Background: An ongoing controversy exists on the role of folic acid supplementation in colorectal cancer risk among epidemiological studies.
Objective: To assess the association between maternal folic acid supplementation and colorectal cancer risk.
Methods: A paired matched case control study of 405 subjects was performed, including women residing in 135 villages of East Azerbaijan, Iran. Per area, subjects were followed regularly in local healthcare centers, where health- and social-related information have been collected prospectively in face to face interviews by well-trained health workers. We extracted folic acid supplement intake, baseline characteristics, and confounders from healthcare records. The data for study participants were linked to national cancer registry repositories, from which we retrieved the data of 135 women diagnosed with colorectal cancer between 2005 to 2015. Two hundred seventy controls were individually matched with cases in terms of residing village, age, and gender. We applied multivariate conditional logistic regression to estimate odds ratios (ORs) and 95% confidence intervals (CIs).

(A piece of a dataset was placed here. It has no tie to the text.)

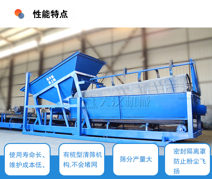 1、采用了滾動(dòng)輸送的原理,摩擦系數(shù)小、使用壽命長、維護(hù)成本低、且篩孔不易堵塞;
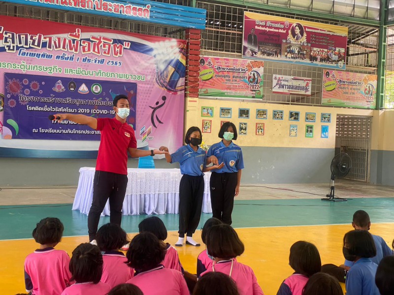 16 กันยายน 2565 ผอ.สุพิชชา ไพศาลสุวรรณ รอง ผอ.พรพิมาล แก้วธรรม และคุณครูทัศนีย์ สมศรี นำนักเรียนชั้นประถมศึกษาปีที่ 6 จำนวน 12 คน เข้าร่วมกิจกรรมโครงการเสริมสร้างสุขภาพและป้องกันโรคติดเชื้อไวรัสโคโรนา 2019 ณ โรงเรียนบ้านกันโทประชาสรรค์

Findings: There was no significant association between folic acid supplementation and colorectal cancer risk in those with history of folic acid intake compared to those with no history of intake (OR 0.95; 95% CI 0.59 to 1.53), in those with less than five years of folic acid (0.79; 0.45 to 1.39) or in those with ≥5 years intake (1.09; 0.52 to 2.26). This risk did not change after adjustment for covariates or further stratification.
Conclusions: Maternal folic acid supplementation did not affect colorectal cancer risk in a population where supplemental folic acid is prescribed with regular intervals for women of child-bearing age.